2.2 Paraphrasing on Language Models

Paraphrasing is an important language task that is tackled well by language models (Witteveen and Andrews, 2019; Goyal and Durrett, 2020). Yet, paraphrasing can still be a useful method to improve language models from various aspects. Tang et al. (2024) uses paraphrases to generate diverse references, which helps in evaluating language models. Zhu et al. (2024b) uses paraphrasing as a method to cleanly evaluate the possibly contaminated large language models. Gao et al. (2020) uses paraphrases as data augmentation to improve goal oriented dialogue systems. More recently, Guo et al. (2023) also uses generative data augmentation, which reflects the usefulness of paraphrasing in enhancing model performance. One setting in this paper compares the performance of LLMs on paraphrases with the same meaning but different frequencies. Yet, there are some overlooks in the previous setting. It is crucial as the computational budgets for training and prompting (Cao et al., 2024) are usually limited. It raises questions: which paraphrases are more useful? Should we use all paraphrases? Our results suggest that high frequency paraphrases should be preferred under both prompting and fine-tuning scenarios.

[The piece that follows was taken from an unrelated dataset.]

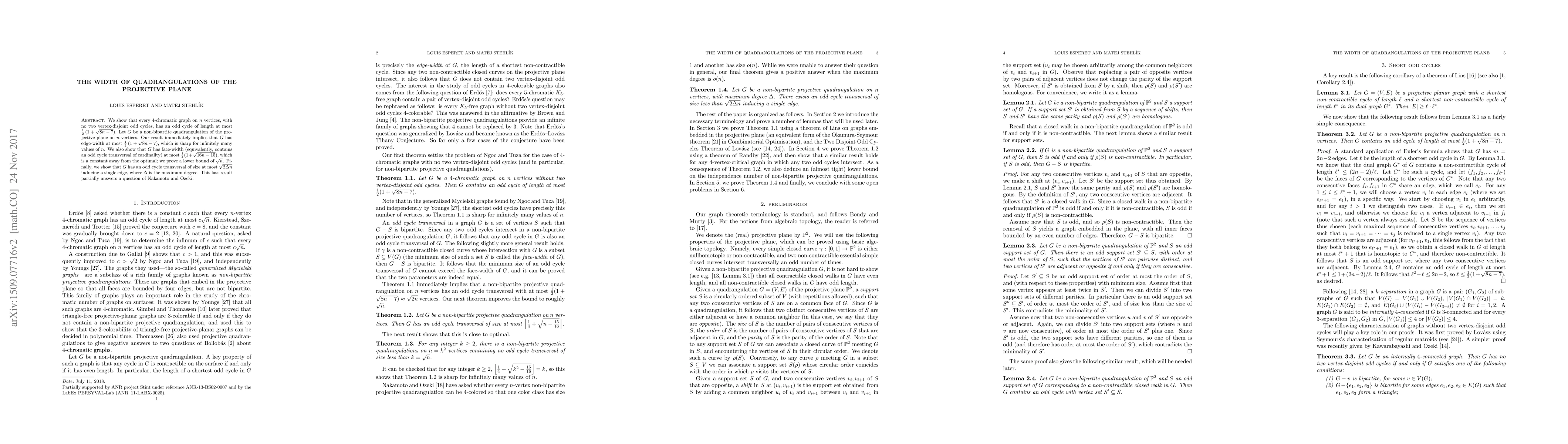 We show that every $4$-chromatic graph on $n$ vertices, with no two vertex-disjoint odd cycles, has an odd cycle of length at most $\tfrac12\,(1+\sqrt{8n-7})$. Let $G$ be a non-bipartite quadrangulation of the projective plane on $n$ vertices. Our result immediately implies that $G$ has edge-width at most $\tfrac12\,(1+\sqrt{8n-7})$, which is sharp for infinitely many values of $n$. We also show that $G$ has face-width (equivalently, contains an odd cycle transversal of cardinality) at most $\tfrac14(1+\sqrt{16 n-15})$, which is a constant away from the optimal; we prove a lower bound of $\sqrt{n}$. Finally, we show that $G$ has an odd cycle transversal of size at most $\sqrt{2\Delta n}$ inducing a single edge, where $\Delta$ is the maximum degree. This last result partially answers a question of Nakamoto and Ozeki.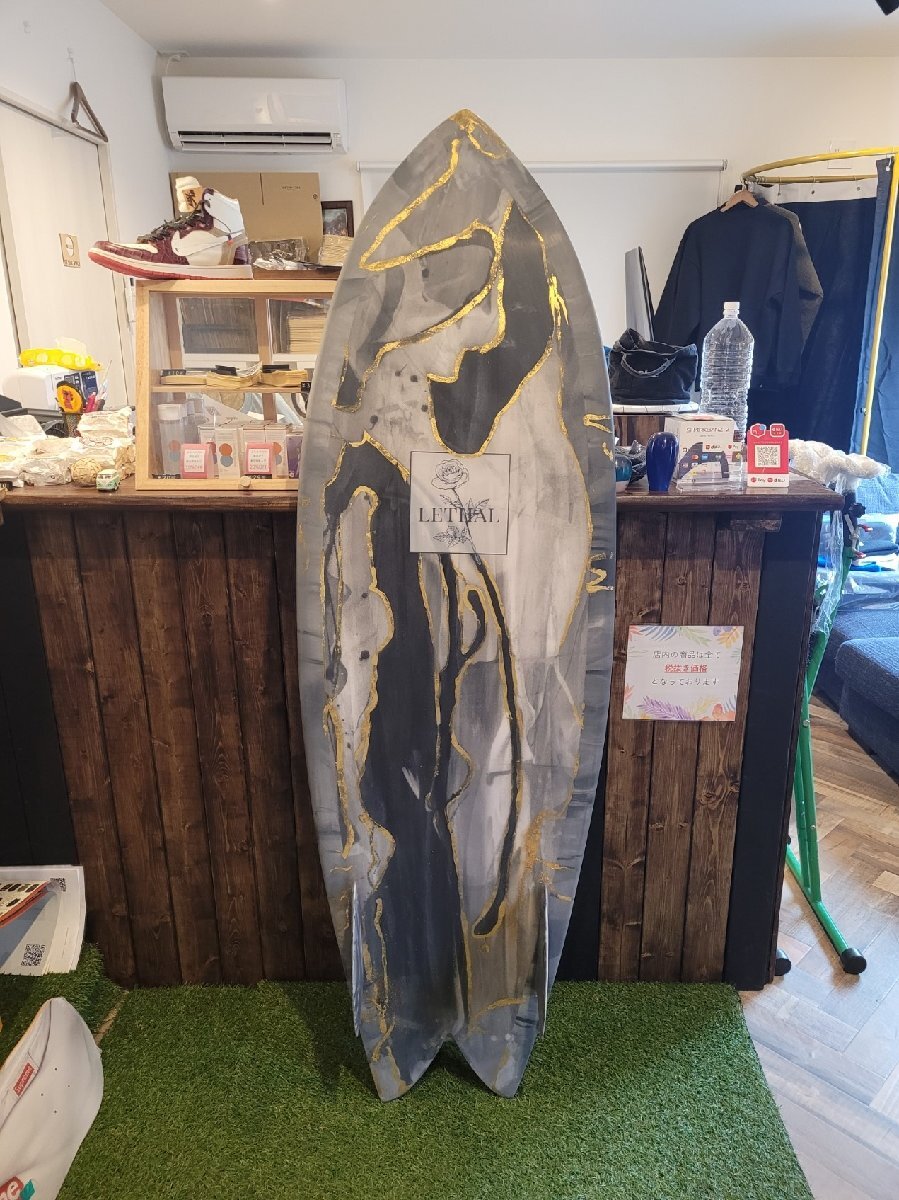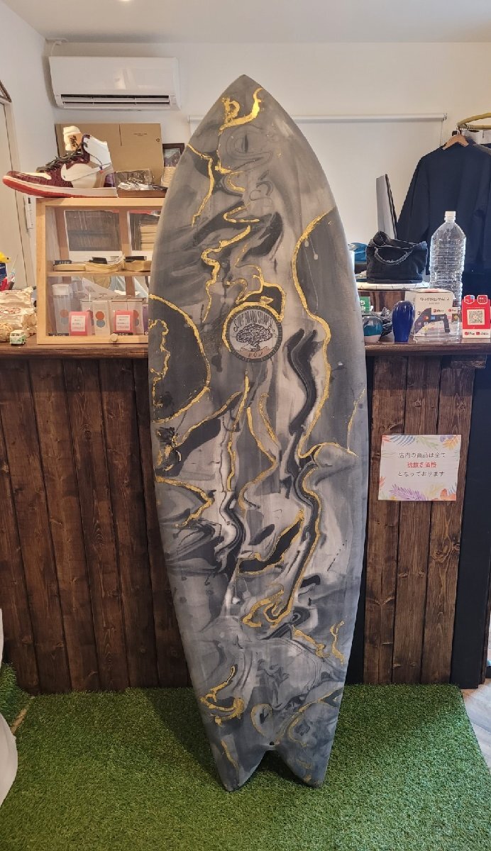 fish●サイズ5'8 × 22 × 2 5/8ノーズ→薄いvee中央前→ロール気味中央から薄いシングルコンケーブフィン付近で、深めのシングルコンケーブアブストラクト金箔仕様オンフィンイーグルノーズ中央→ミディアムテール→ダウンレールフィン付近からエッジ立てしっかりとボリュームのあるフィッシュを製作致しました少し派手になってしまいましたが、気に入ってくれる方がみえれば、嬉しいです。他の人と被らない物を探している方におすすめです!

This paper proposed a framework for textual frequency on LLMs, which is composed of three units, namely TFL, TFD, and CTFT. High-frequency inputs are suggested by our framework, in both tuning and training on LLMs, which can be combined with curriculum learning to improve final performance. We conduct experiments on tasks of Math Reasoning, Machine Translation on hundreds of language pairs, Commonsense Reasoning, and Agentic Tool Calling. Experimental results and extensive analysis suggest the effectiveness of our textual frequency framework. Extensive analysis indicates that when inputs are even different, the final outputs of LLMs are positively related to textual frequency, which further suggests the soundness of our proposed framework.